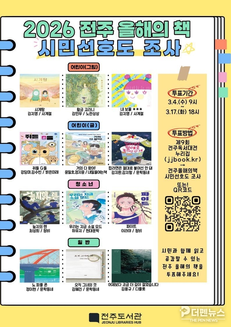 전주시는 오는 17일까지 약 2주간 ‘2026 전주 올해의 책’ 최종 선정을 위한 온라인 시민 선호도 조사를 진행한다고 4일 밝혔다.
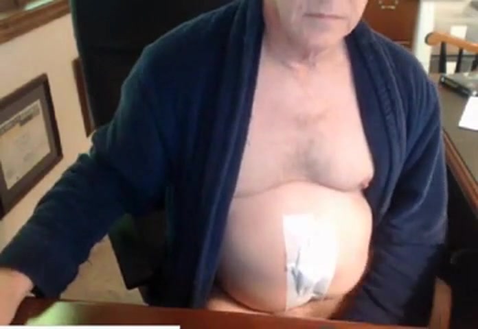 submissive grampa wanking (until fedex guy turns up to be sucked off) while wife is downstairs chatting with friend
####
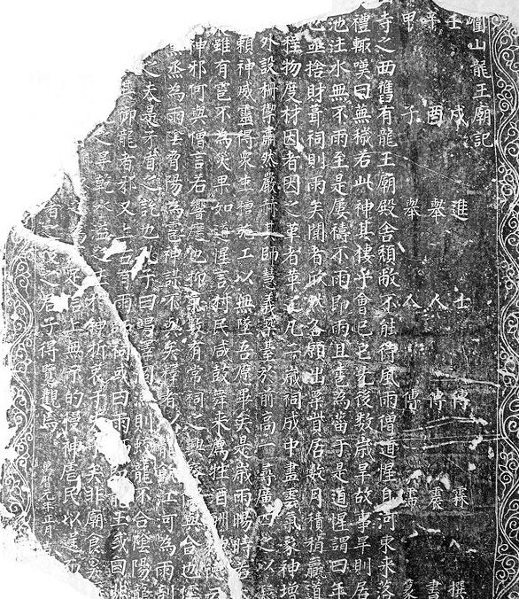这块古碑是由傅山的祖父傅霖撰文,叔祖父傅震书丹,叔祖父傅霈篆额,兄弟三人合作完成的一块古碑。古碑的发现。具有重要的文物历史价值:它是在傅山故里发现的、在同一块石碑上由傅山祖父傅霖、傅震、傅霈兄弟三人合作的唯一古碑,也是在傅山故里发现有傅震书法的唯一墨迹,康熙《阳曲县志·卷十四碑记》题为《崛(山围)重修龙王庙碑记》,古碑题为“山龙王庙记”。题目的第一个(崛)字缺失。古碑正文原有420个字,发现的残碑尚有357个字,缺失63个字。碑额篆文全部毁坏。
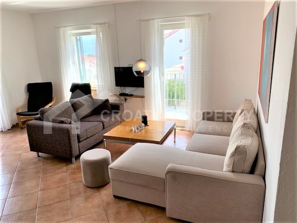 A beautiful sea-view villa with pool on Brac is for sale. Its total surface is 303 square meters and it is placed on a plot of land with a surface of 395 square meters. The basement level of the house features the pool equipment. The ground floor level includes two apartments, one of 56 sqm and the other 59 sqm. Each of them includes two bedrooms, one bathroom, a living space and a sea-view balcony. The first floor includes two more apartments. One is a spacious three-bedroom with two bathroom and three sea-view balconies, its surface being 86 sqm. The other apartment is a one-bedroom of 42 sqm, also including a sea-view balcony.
####
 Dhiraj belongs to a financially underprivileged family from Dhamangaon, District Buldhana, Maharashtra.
####
Problem statement: Reproduce the listing above exactly from the line containing "전주시는 오는 17일까지" up to and including the line containing "submissive grampa wanking", omitting any images and everything outside those lines.

Final answer:
 전주시는 오는 17일까지 약 2주간 ‘2026 전주 올해의 책’ 최종 선정을 위한 온라인 시민 선호도 조사를 진행한다고 4일 밝혔다.
 submissive grampa wanking (until fedex guy turns up to be sucked off) while wife is downstairs chatting with friend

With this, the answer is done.